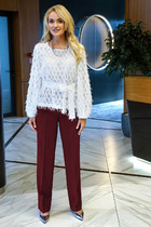 Брюки зауженные к низу, с центральной застёжкой на молнию и петлю-пуговицу.
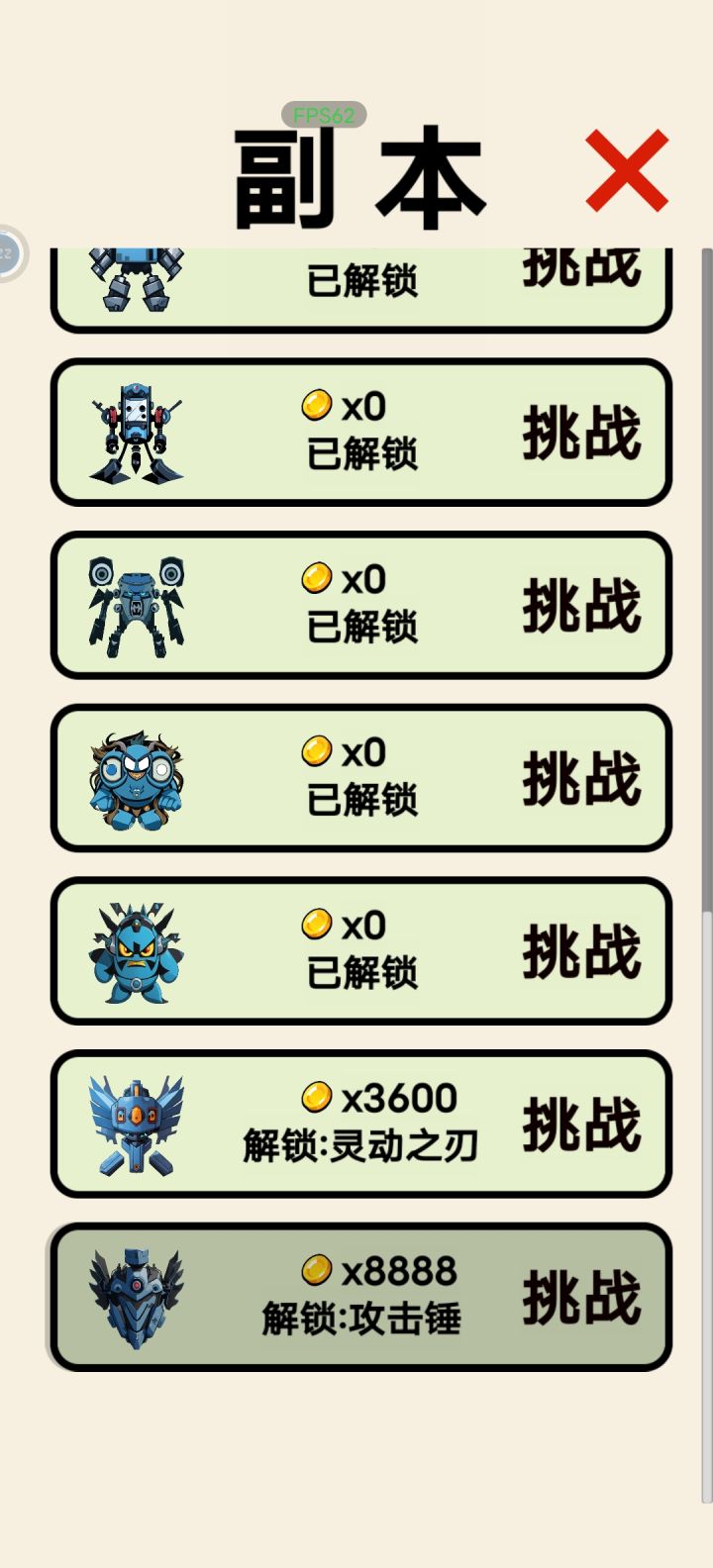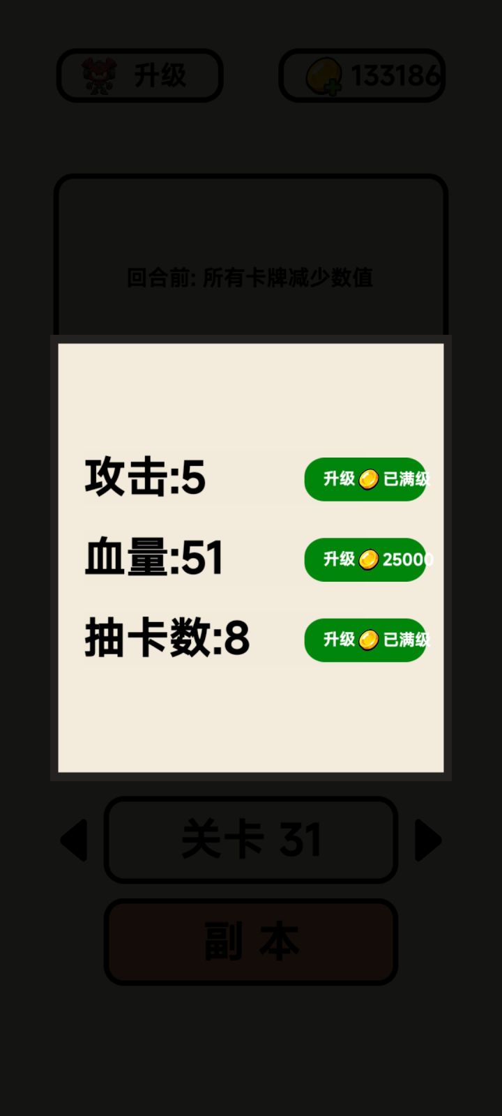 有啥不懂的可以问我玩到31过不去了,我就看了几天广告,堆金币过了31就能过副本攻击锤的,但是因为作者本来打算是之后的关卡没想好,所以31设置成是基本不可能过的,如图所示,我过31用的武器(可以低2级,鸡腿高点会更好)但基础血量至少得40以上,因为要抗住第2波三个回收反伤的变态,第三波是boss,没看出哪里削我数值了,只有5个数值怪13攻150血的。31过了会出来一堆bug,进去32没有怪点了
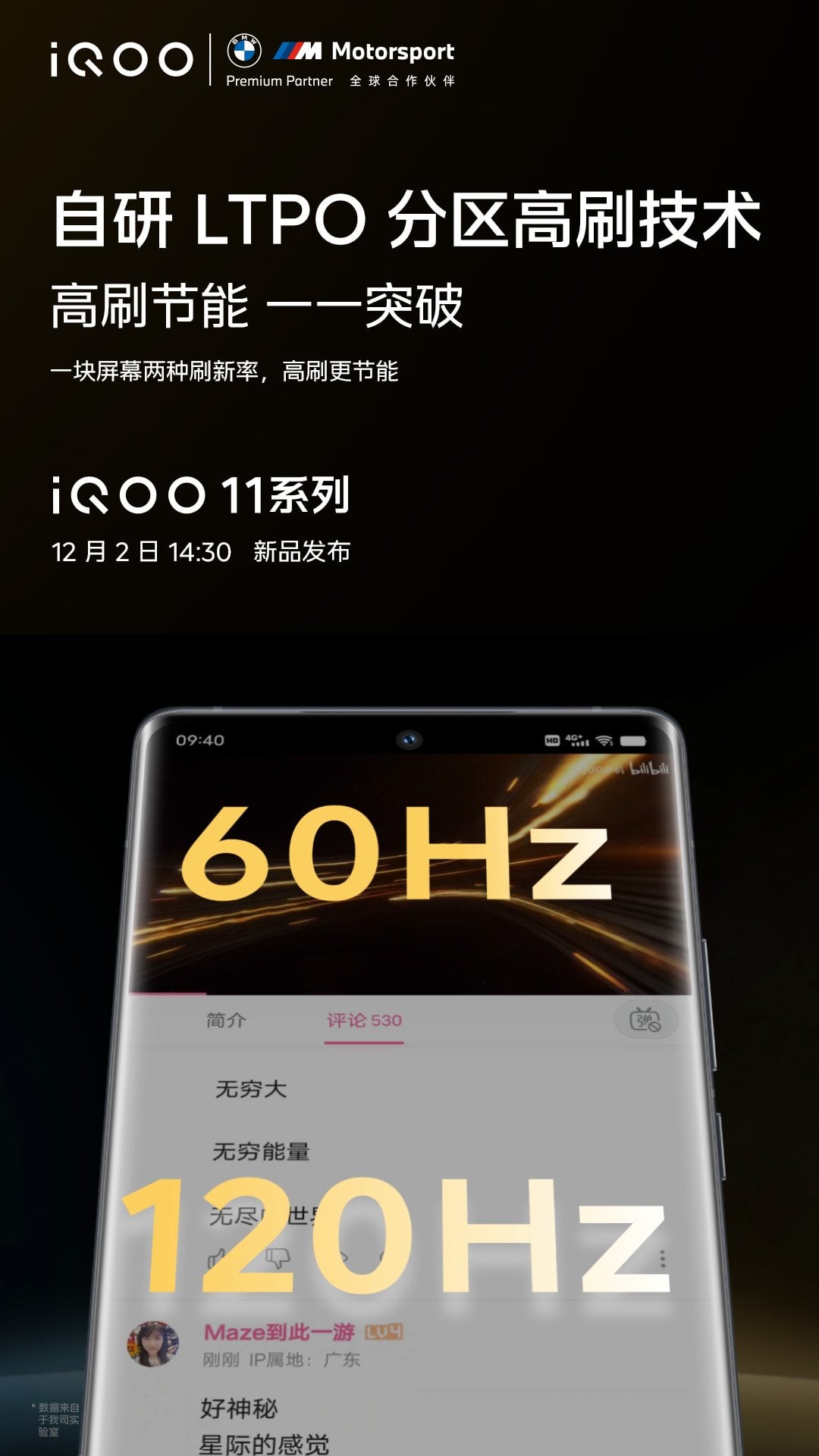 Similarly, Vivo's sub-brand iQOO is launching the iQOO 11 with the same E6 OLED panel featuring 2K resolution, a 120Hz LTPO 4.0 system, up to 1,800 nits peak brightness, and up to 1,440Hz PWM system. Interestingly, it can drive two separate segments of the screen at different refresh rates. For example, it can run a YouTube video at 60Hz in one segment and the comments system at 120Hz for smoother scrolling. This can further improve the fluidity of the UI while conserving battery life.
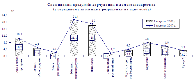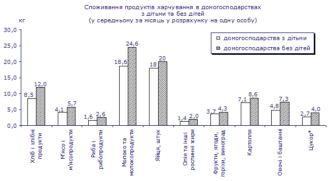 У домогосподарствах з дітьми однією особою було спожито на 8–3% більше, ніж у січні–березні 2006р., м’яса та м’ясопродуктів, риби та рибопродуктів, яєць, цукру, молока та молочних продуктів, у 1,2 раза – фруктів, ягід, горіхів та винограду. Одночасно у цій групі домогосподарств зменшилося на 7% споживання картоплі та на 6% – хліба і хлібних продуктів. Залишилося на рівні І кварталу минулого року споживання олії та інших рослинних жирів, а також овочів і баштанних. Кількість основних продуктів харчування, спожитих однією особою в домогосподарствах з дітьми, була в 1,6–1,1 раза меншою, ніж у домогосподарствах без дітей.
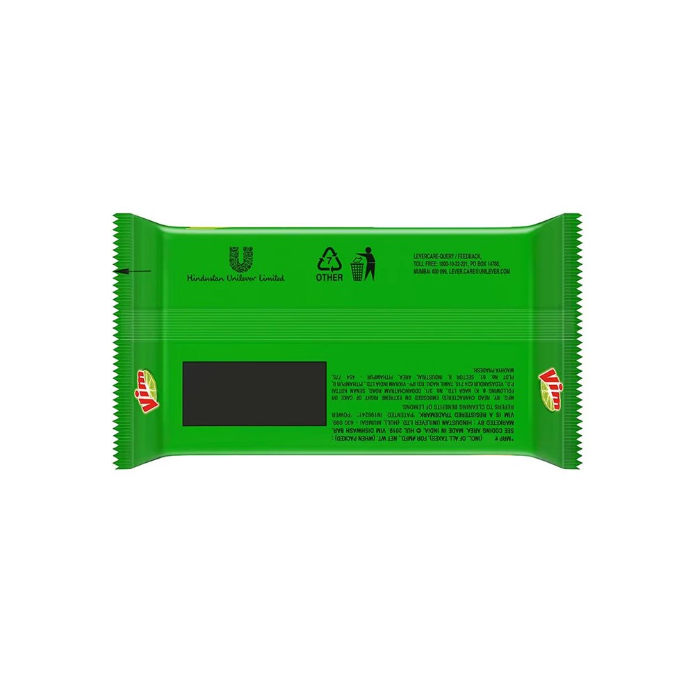 | Benefits: | Vim Dishwash Bar has the power of 100 lemons(power refers to the cleaning benefits of lemons) which helps in the fastest removal of burnt food(as per the independent lab test conducted on burnt food stains). |

○ ○ ○ ○

- _Instructions for the task_
Transcribe the listing exactly. Its images are to be omitted.

- _Task output_
 Брюки зауженные к низу, с центральной застёжкой на молнию и петлю-пуговицу.
 有啥不懂的可以问我玩到31过不去了,我就看了几天广告,堆金币过了31就能过副本攻击锤的,但是因为作者本来打算是之后的关卡没想好,所以31设置成是基本不可能过的,如图所示,我过31用的武器(可以低2级,鸡腿高点会更好)但基础血量至少得40以上,因为要抗住第2波三个回收反伤的变态,第三波是boss,没看出哪里削我数值了,只有5个数值怪13攻150血的。31过了会出来一堆bug,进去32没有怪点了
 Similarly, Vivo's sub-brand iQOO is launching the iQOO 11 with the same E6 OLED panel featuring 2K resolution, a 120Hz LTPO 4.0 system, up to 1,800 nits peak brightness, and up to 1,440Hz PWM system. Interestingly, it can drive two separate segments of the screen at different refresh rates. For example, it can run a YouTube video at 60Hz in one segment and the comments system at 120Hz for smoother scrolling. This can further improve the fluidity of the UI while conserving battery life.
 У домогосподарствах з дітьми однією особою було спожито на 8–3% більше, ніж у січні–березні 2006р., м’яса та м’ясопродуктів, риби та рибопродуктів, яєць, цукру, молока та молочних продуктів, у 1,2 раза – фруктів, ягід, горіхів та винограду. Одночасно у цій групі домогосподарств зменшилося на 7% споживання картоплі та на 6% – хліба і хлібних продуктів. Залишилося на рівні І кварталу минулого року споживання олії та інших рослинних жирів, а також овочів і баштанних. Кількість основних продуктів харчування, спожитих однією особою в домогосподарствах з дітьми, була в 1,6–1,1 раза меншою, ніж у домогосподарствах без дітей.
 | Benefits: | Vim Dishwash Bar has the power of 100 lemons(power refers to the cleaning benefits of lemons) which helps in the fastest removal of burnt food(as per the independent lab test conducted on burnt food stains). |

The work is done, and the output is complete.